Mid-Autumn Festival

Photo credit: John Loo

Mid-Autumn Festival 中秋节 Zhōngqiū jié

中秋节 Zhōngqiū jié falls on the 15th day of the 8th lunar month of the Chinese calendar (usually around mid- or late-September in the Gregorian calendar). This year, it is celebrated on the 13th September 2019. It is a date that parallels the Autumn and Spring Equinoxes of the solar calendar. The traditional food of this festival is the mooncake.

Farmers celebrate the end of the summer harvesting season on this date. Traditionally, on this day, Chinese family members and friends will gather to admire the bright mid-autumn harvest moon, and eat moon cakes and pomeloes together. Accompanying the celebration, there are additional cultural or regional customs, such as: Eating moon cakes outside under the moon, carrying brightly lit lanterns, lighting lanterns on towers, floating sky lanterns.
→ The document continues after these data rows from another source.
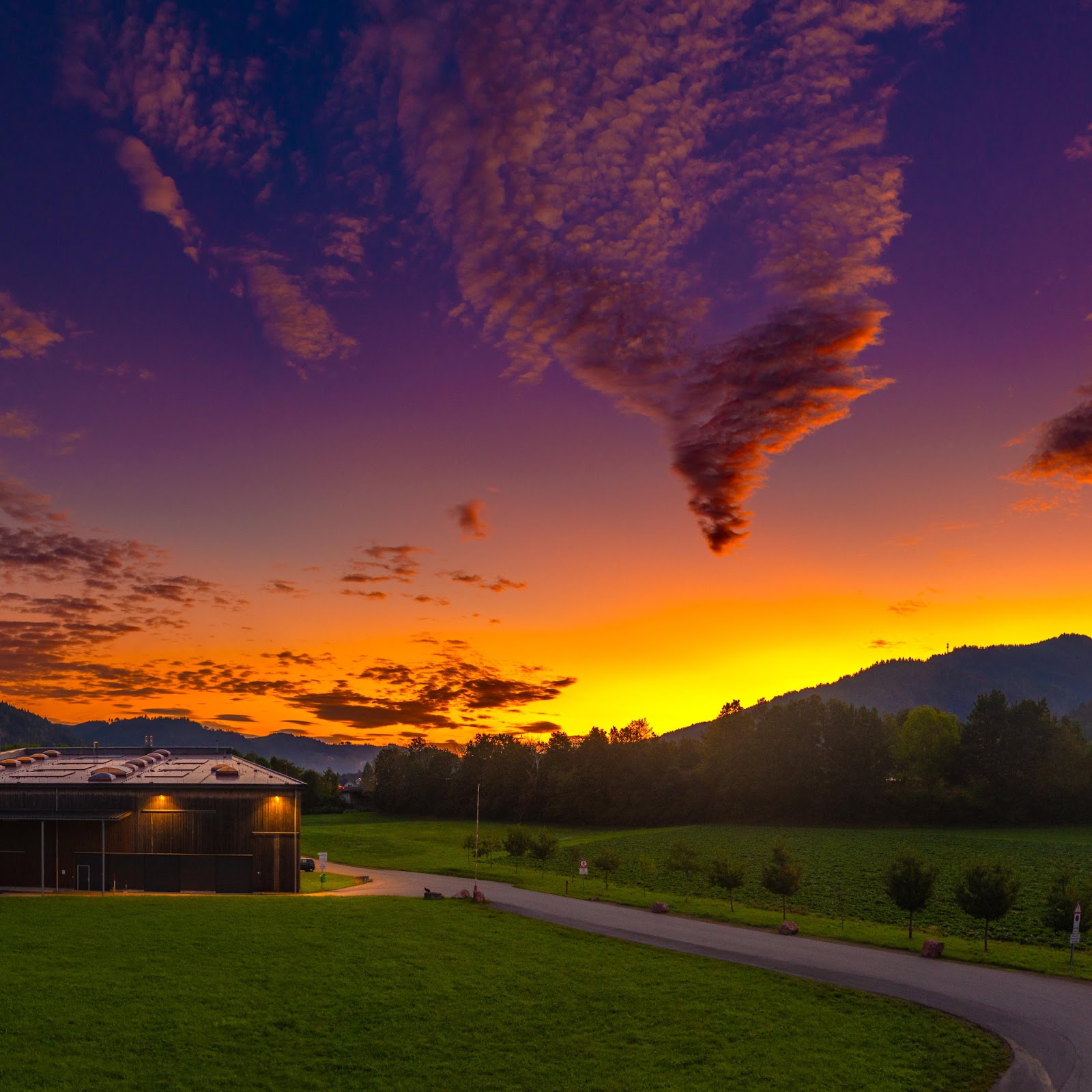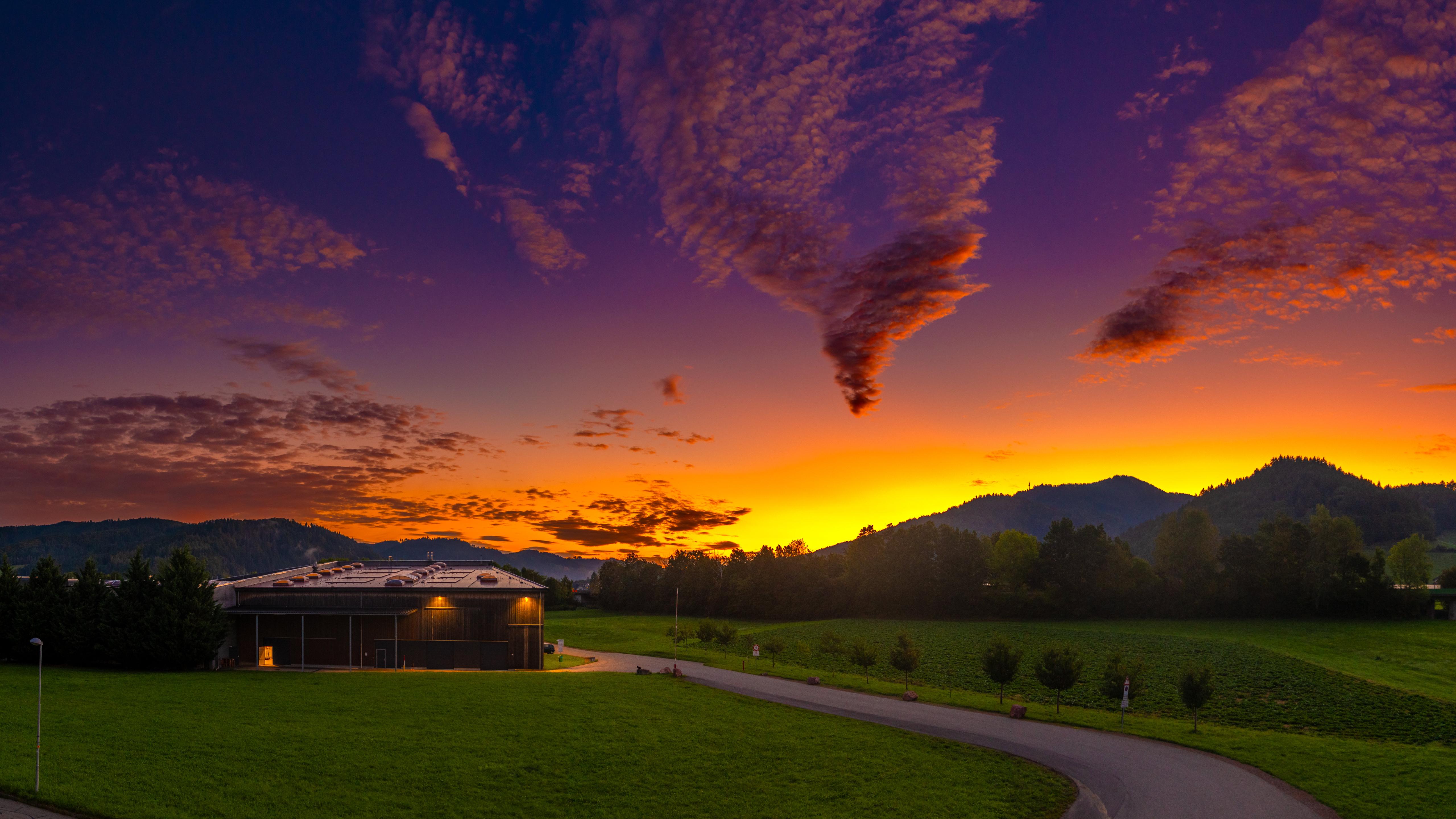 Sunset Landscape, Dramatic Sky, Mountain Scenery, Rural Architecture 5K Desktop Wallpaper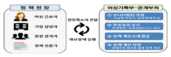 구체적으로 모니터링단은 여성의 경력유지를 위한 정부 정책들이 현장에 자리 잡을 수 있도록 애로사항을 지속적으로 발굴하고 개선해 정책의 효과성을 높인다는 계획이다.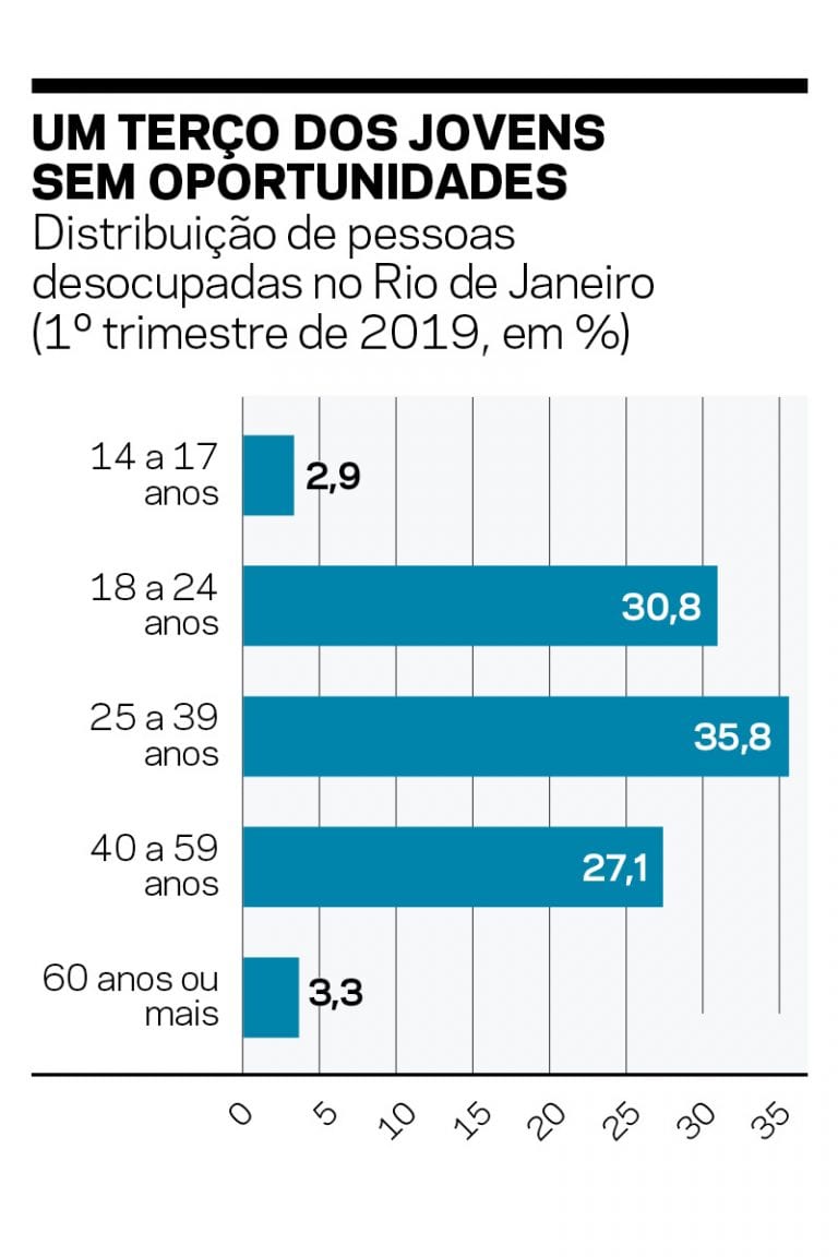 Ainda assim, o cenário é tormentoso. No primeiro trimestre do ano, o Rio bateu recorde de desemprego, segundo o IBGE. São quase 1,4 milhão de desocupados, 15,3% do total. O cenário é ainda mais grave entre os jovens, o desemprego atinge 30,8% dos trabalhadores com idade entre 18 e 24 anos. Na faixa etária dos 25 aos 39 anos, chega a assustadores 35,8%. É o cenário perfeito para o crime organizado arrebanhar novos soldados.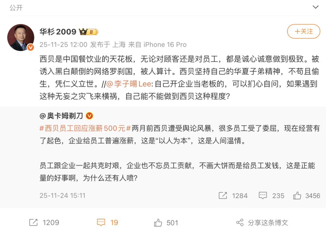 11月25日,华杉转发了关于西贝员工回应涨薪的微博,并发文称:“西贝是中国餐饮业的天花板,无论对顾客还是对员工,都是诚心诚意做到极致。被诱入黑白颠倒的网络罗刹国,被人算计。西贝坚持自己的华夏子弟精神,不苟且偷生,凭仁义立世。”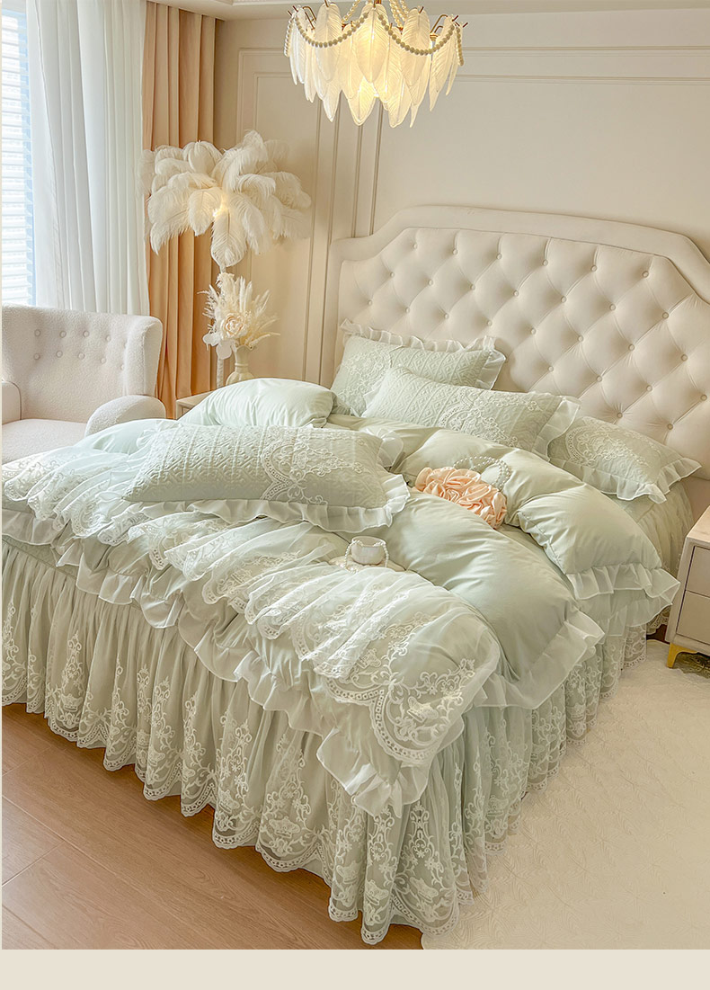 当前位置: 91家纺网 > 商品网购 > 床品套件 > 四件套 > 其它四件套 > 恋尚 2025新款木凉淳浪漫蕾丝床裙四件套-米朵 米朵-水绿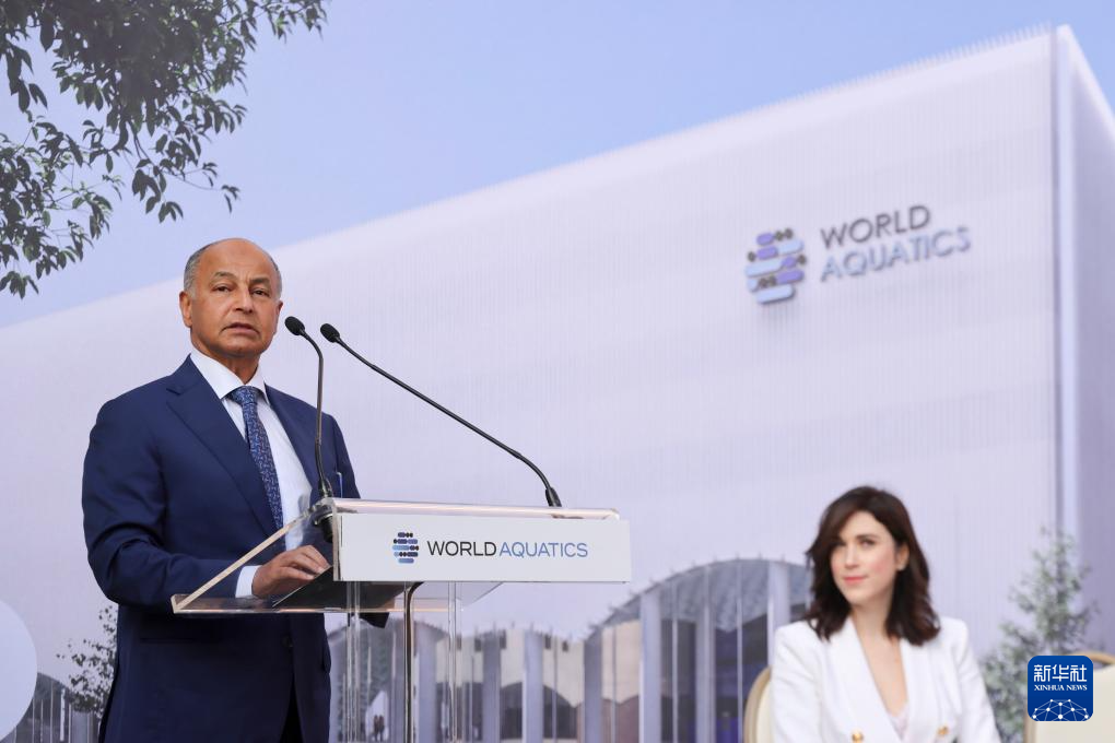 10月7日,世界泳聯主席侯賽因·阿爾-穆薩拉姆在奠基儀式上致辭。

Other activities also include planting Mid-Autumn trees, collecting dandelion leaves and distributing them evenly among family members and watching fire Dragon Dances.

Mooncakes are Chinese pastry traditionally eaten during the Mid-Autumn Festival. 
Typical mooncakes are round or rectangular pastries, measuring about 10 cm in diameter and 4-5 cm thick. A thick filling usually made from lotus seed paste is surrounded by a relatively thin (2-3 mm) crust and may contain yolks from salted duck eggs. Mooncakes are rich, heavy, and dense compared with most Western cakes and pastries. They are usually eaten in small wedges accompanied by Chinese tea.